Task goal
For this exercise, return only the lines in the records below from the one holding "Elo FIDE: 1633    Migliore: 1633  (Dicembre" through the one holding "- Click on the", including both, exactly as they appear and without pictures.

[Opening Material for this exercise section]

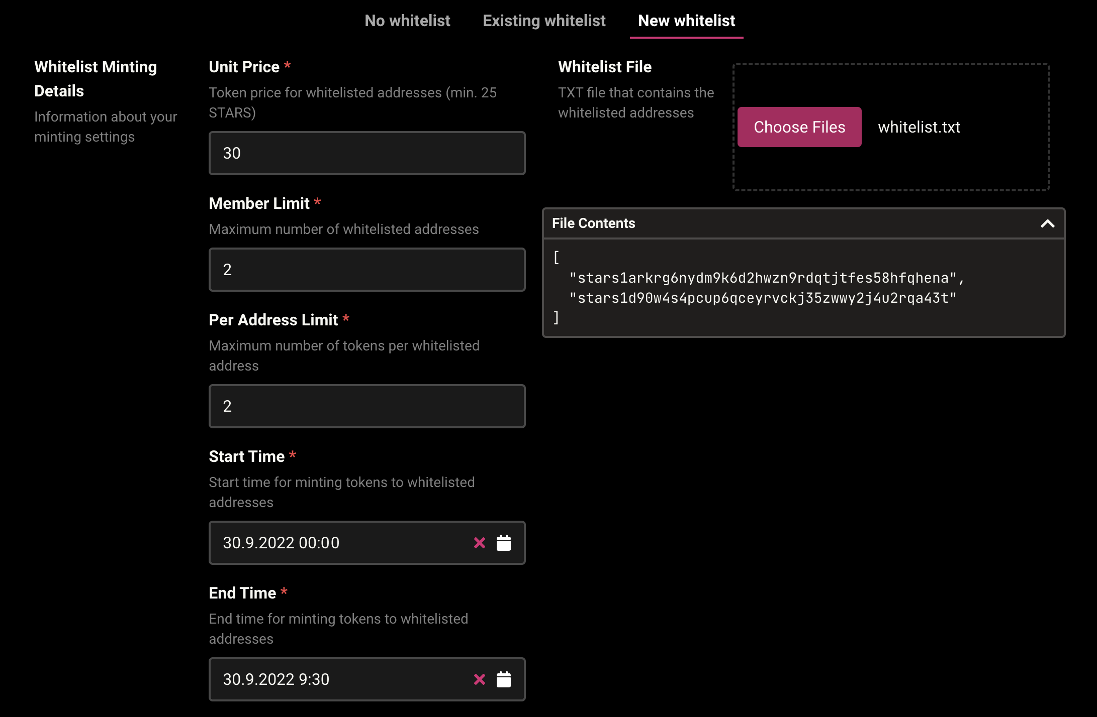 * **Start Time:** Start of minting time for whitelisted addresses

[Closing Material for this exercise section]
[Opening Material for this exercise section]

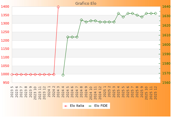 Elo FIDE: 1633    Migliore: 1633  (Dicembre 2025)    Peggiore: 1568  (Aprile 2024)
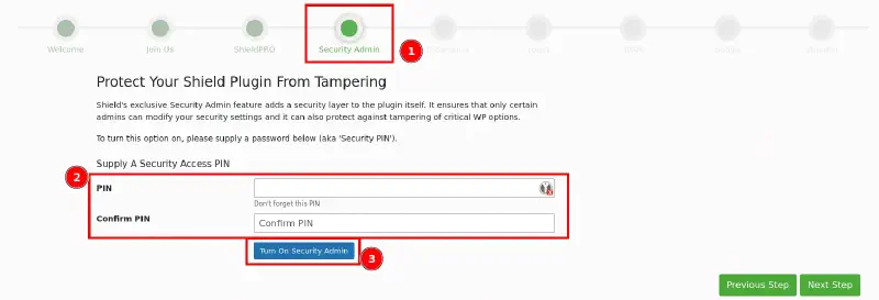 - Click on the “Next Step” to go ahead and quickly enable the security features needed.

[Closing Material for this exercise section]

Task solution
 Elo FIDE: 1633    Migliore: 1633  (Dicembre 2025)    Peggiore: 1568  (Aprile 2024)
 - Click on the “Next Step” to go ahead and quickly enable the security features needed.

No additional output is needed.